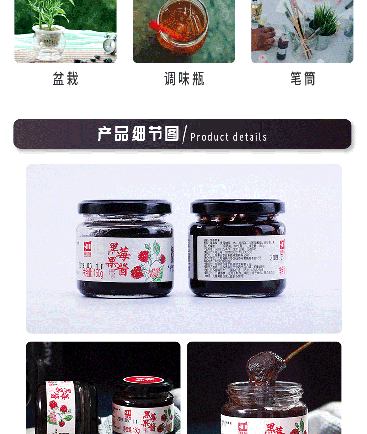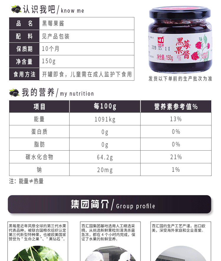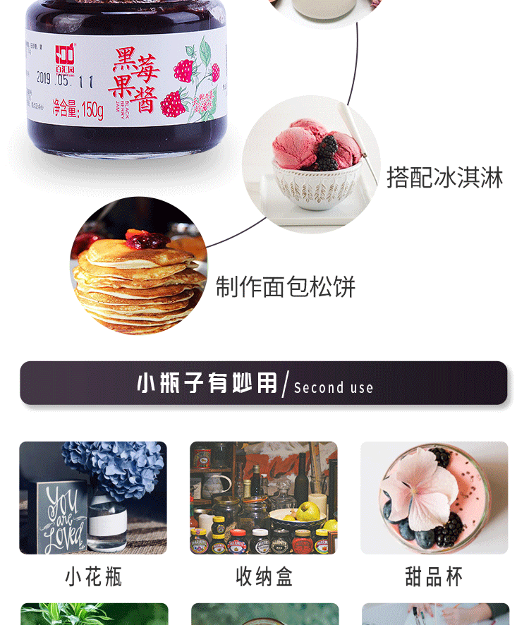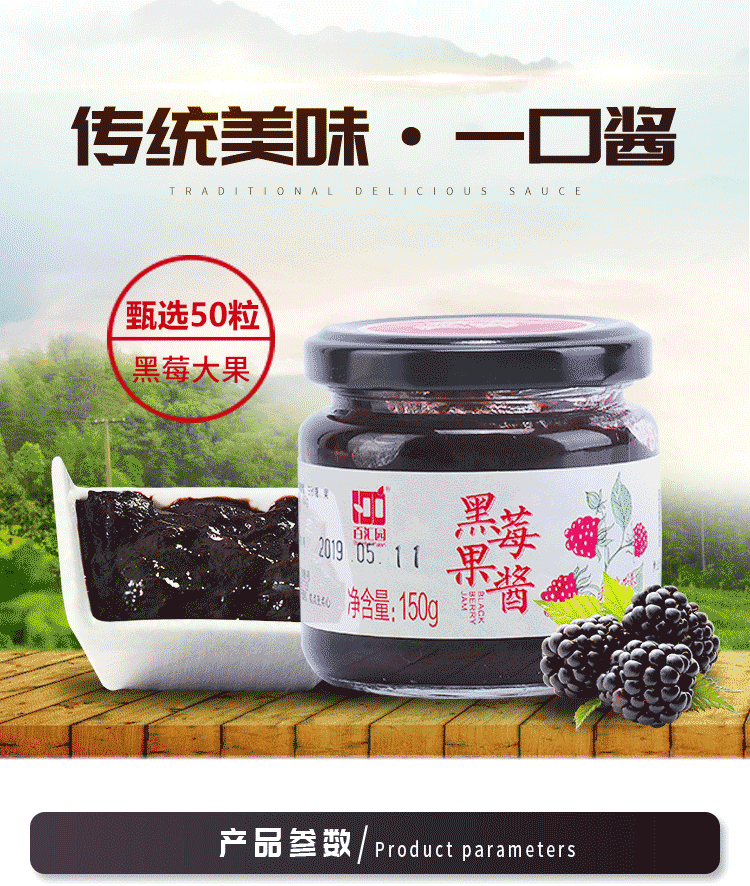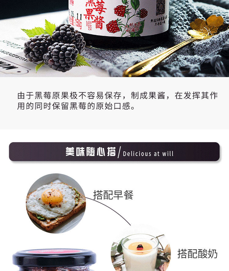 【买两份送勺子】新鲜黑莓制作,果肉含量超多,满满的的果肉果粒,酸甜口味。在家可拌酸奶、抹面包、做冲饮、烘焙等,做冰沙、冰淇淋、奶昔等也是超赞。
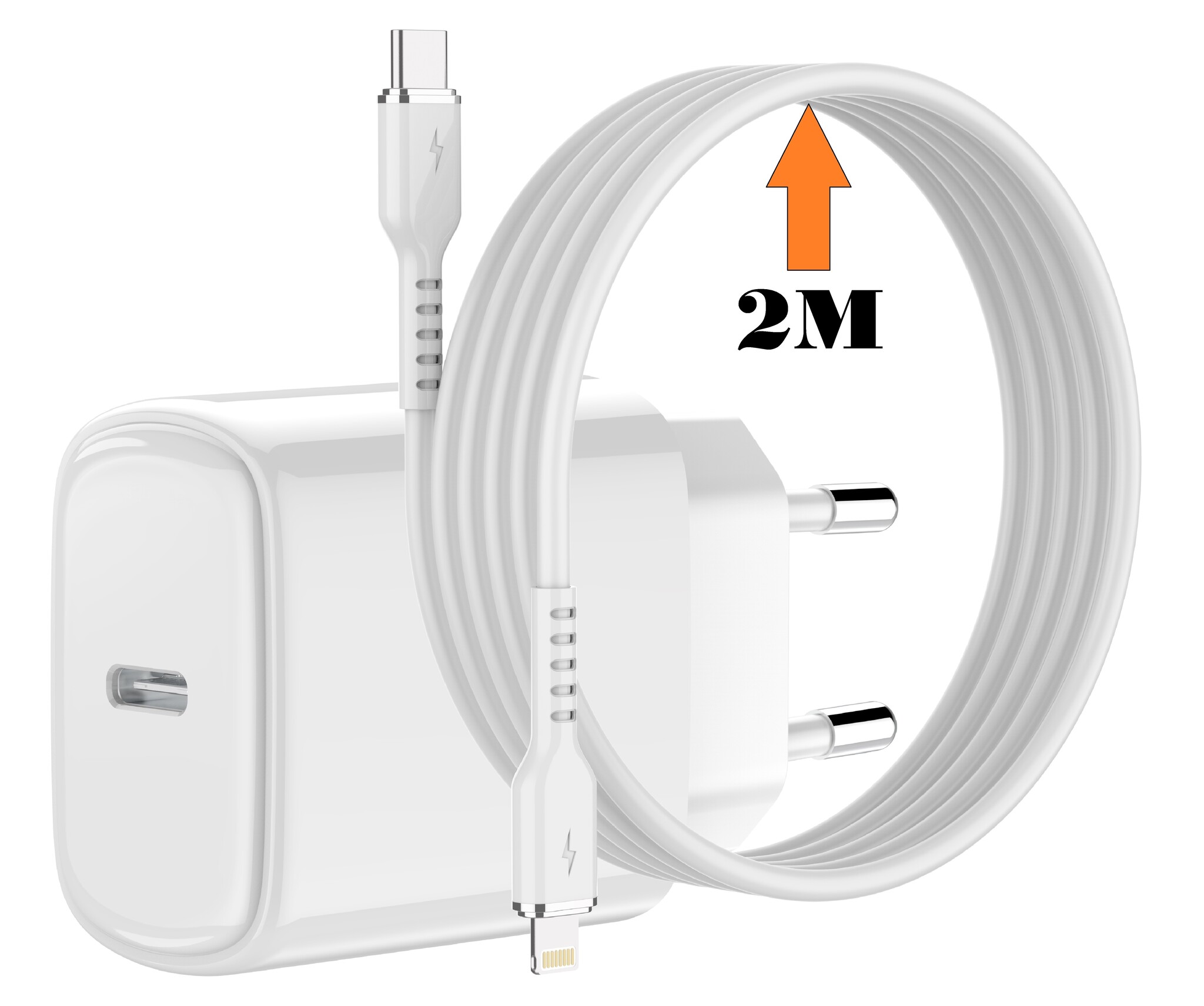 USB C Adapter / 20W iPhone Oplader met 2M USB C naar Lightning Kabel Geschikt voor iPhone 14 / SE / 14 Pro/ 14 Max/ 13/ 13 Pro/ 13 Pro Max/ 12/ 11/ Xr/ Xs Max/ 8/ 8 Plus/ Pro - Oplader / Snellader geschikt voor Apple iPhone
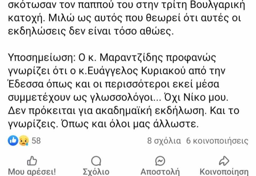 Υποσημείωση: Ο κ. Μαραντζίδης προφανώς γνωρίζει ότι ο κ. Ευάγγελος Κυριακού από την Έδεσσα όπως και οι περισσότεροι εκεί μέσα συμμετέχουν ως γλωσσολόγοι… Όχι Νίκο μου. Δεν πρόκειται για ακαδημαϊκή εκδήλωση. Και το γνωρίζεις. Όπως και όλοι μας άλλωστε.
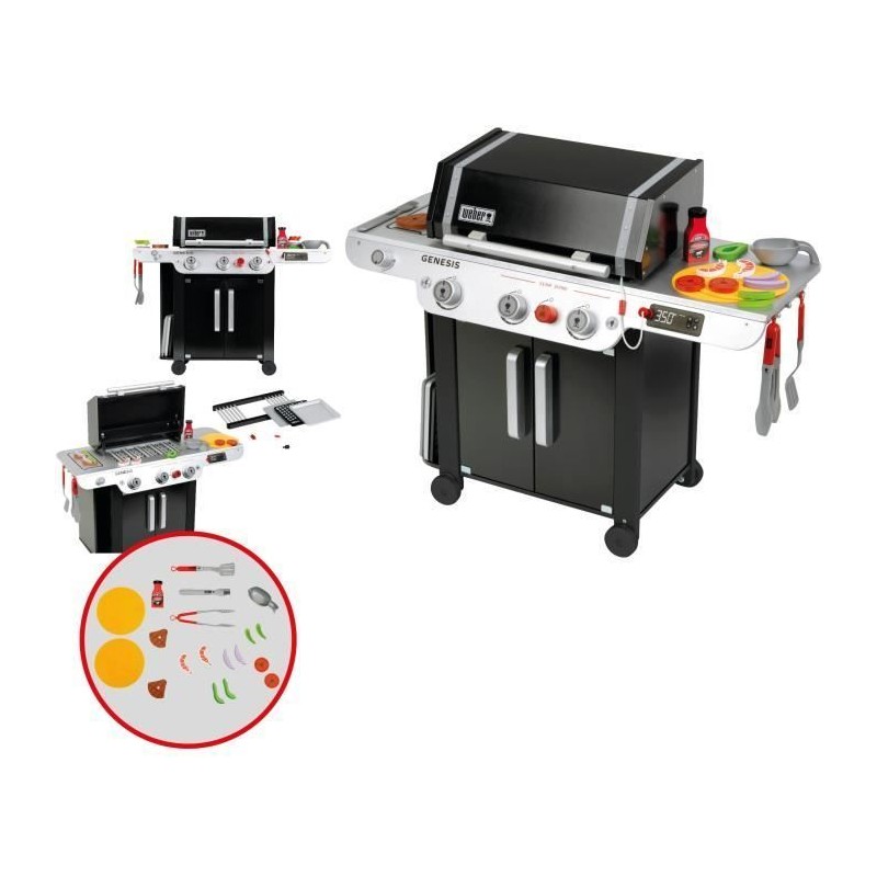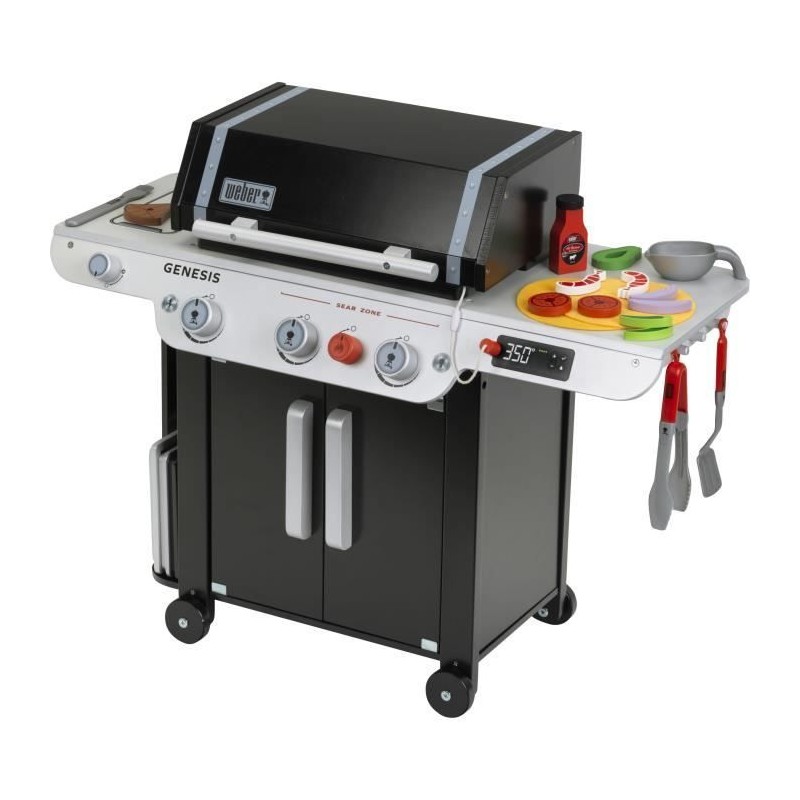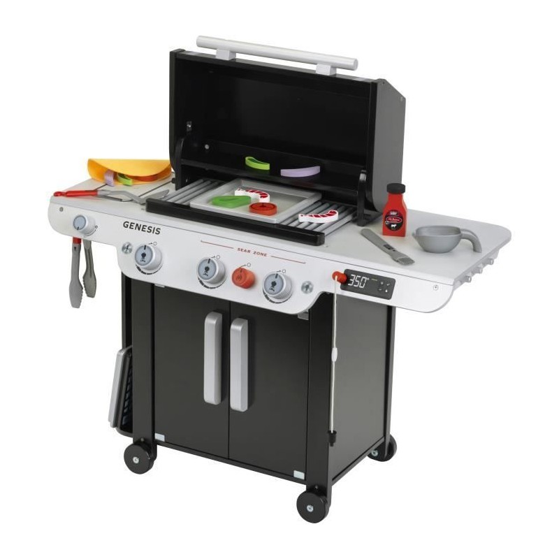 Offrez aux enfants une expérience de jeu absolument unique avec ce magnifique barbecue Weber Genesis - solide et tres stable - en bois certifié FSC ! Reproduction fidele du modele original, il comporte un large espace de cuisson (avec grille, plancha, etc.), un grand couvercle avec poignée, un espace de rangement avec deux portes, deux plans de travail, des petites roulettes pour pouvoir etre déplacé facilement et des crochets pour suspendre les ustensiles. Il est livré avec de nombreux accessoires indispensables pour cuisiner et préparer de bons petits plats : spatule, pince, pinceau, sauciere, sauce, aliments factices (steaks, tomates, crevettes, etc.). Dimensions du barbecue monté : 74 x 32,8 x 59,7 cm. A partir de 3 ans.
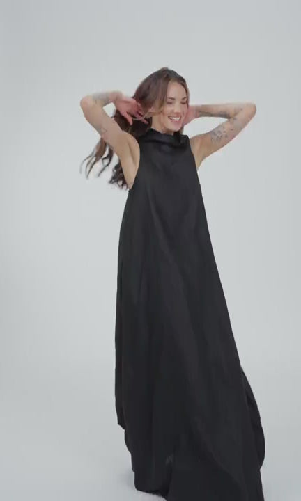 A sleeveless maxi dress made of 100% Linen fabric. The cocoon silhouette gracefully drapes around the body and complements various body shapes. The design of this maxi dress strikes the perfect balance between contemporary fashion and classic charm. A minimalist elegance that allows for effortless styling and accessorizing.
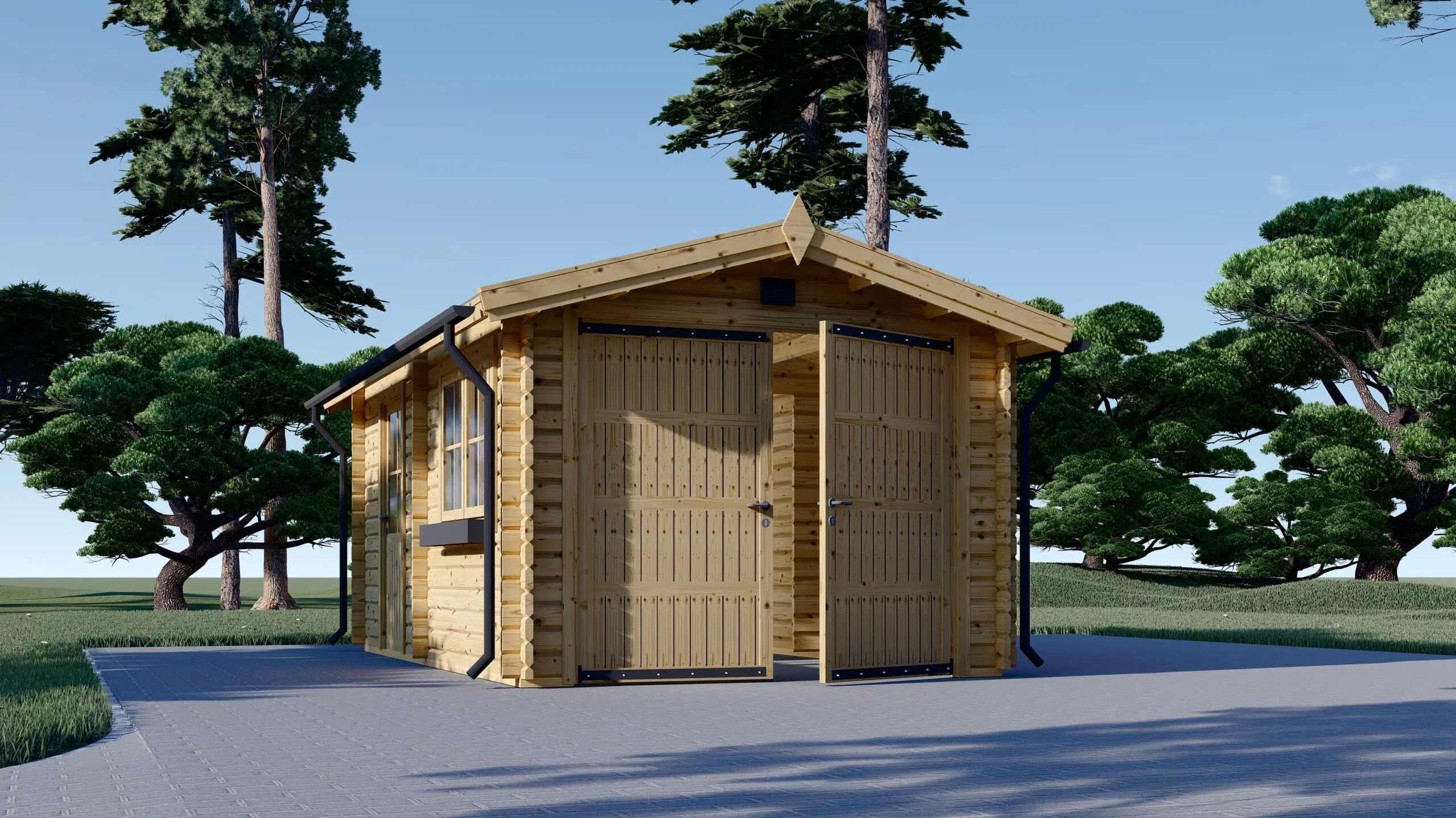 Holzgarage mit (44 mm) 4×6 m mit Doppelcarport 5.5×6 m
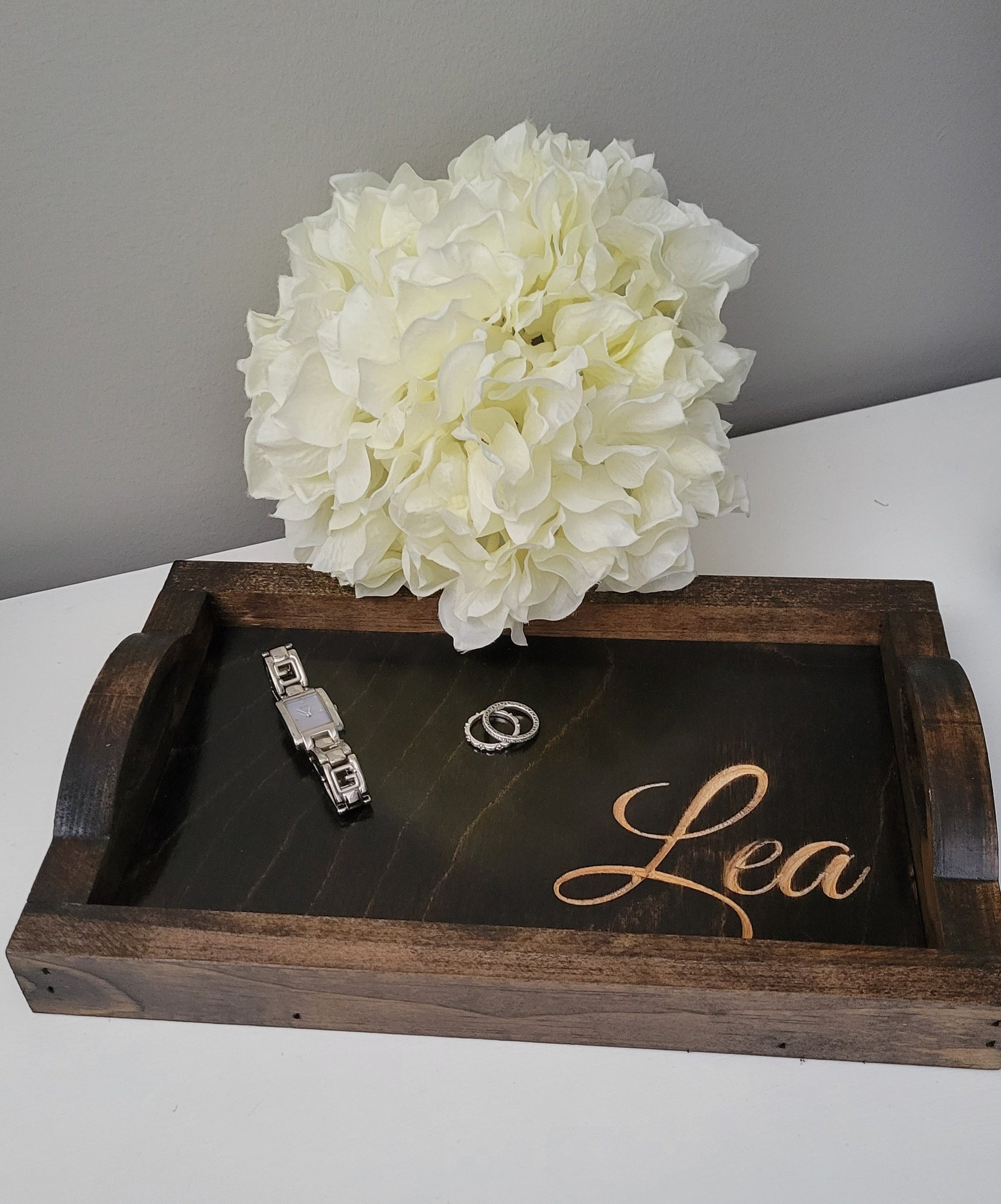 Perfect custom trays in a mini size to have one on your nightstand to hold your jewelry, or the standard serving tray size.

·····

[Problem]: What you give back must match the material word for word, with no images included.

[Task answer]:
 【买两份送勺子】新鲜黑莓制作,果肉含量超多,满满的的果肉果粒,酸甜口味。在家可拌酸奶、抹面包、做冲饮、烘焙等,做冰沙、冰淇淋、奶昔等也是超赞。
 USB C Adapter / 20W iPhone Oplader met 2M USB C naar Lightning Kabel Geschikt voor iPhone 14 / SE / 14 Pro/ 14 Max/ 13/ 13 Pro/ 13 Pro Max/ 12/ 11/ Xr/ Xs Max/ 8/ 8 Plus/ Pro - Oplader / Snellader geschikt voor Apple iPhone
 Υποσημείωση: Ο κ. Μαραντζίδης προφανώς γνωρίζει ότι ο κ. Ευάγγελος Κυριακού από την Έδεσσα όπως και οι περισσότεροι εκεί μέσα συμμετέχουν ως γλωσσολόγοι… Όχι Νίκο μου. Δεν πρόκειται για ακαδημαϊκή εκδήλωση. Και το γνωρίζεις. Όπως και όλοι μας άλλωστε.
 Offrez aux enfants une expérience de jeu absolument unique avec ce magnifique barbecue Weber Genesis - solide et tres stable - en bois certifié FSC ! Reproduction fidele du modele original, il comporte un large espace de cuisson (avec grille, plancha, etc.), un grand couvercle avec poignée, un espace de rangement avec deux portes, deux plans de travail, des petites roulettes pour pouvoir etre déplacé facilement et des crochets pour suspendre les ustensiles. Il est livré avec de nombreux accessoires indispensables pour cuisiner et préparer de bons petits plats : spatule, pince, pinceau, sauciere, sauce, aliments factices (steaks, tomates, crevettes, etc.). Dimensions du barbecue monté : 74 x 32,8 x 59,7 cm. A partir de 3 ans.
 A sleeveless maxi dress made of 100% Linen fabric. The cocoon silhouette gracefully drapes around the body and complements various body shapes. The design of this maxi dress strikes the perfect balance between contemporary fashion and classic charm. A minimalist elegance that allows for effortless styling and accessorizing.
 Holzgarage mit (44 mm) 4×6 m mit Doppelcarport 5.5×6 m
 Perfect custom trays in a mini size to have one on your nightstand to hold your jewelry, or the standard serving tray size.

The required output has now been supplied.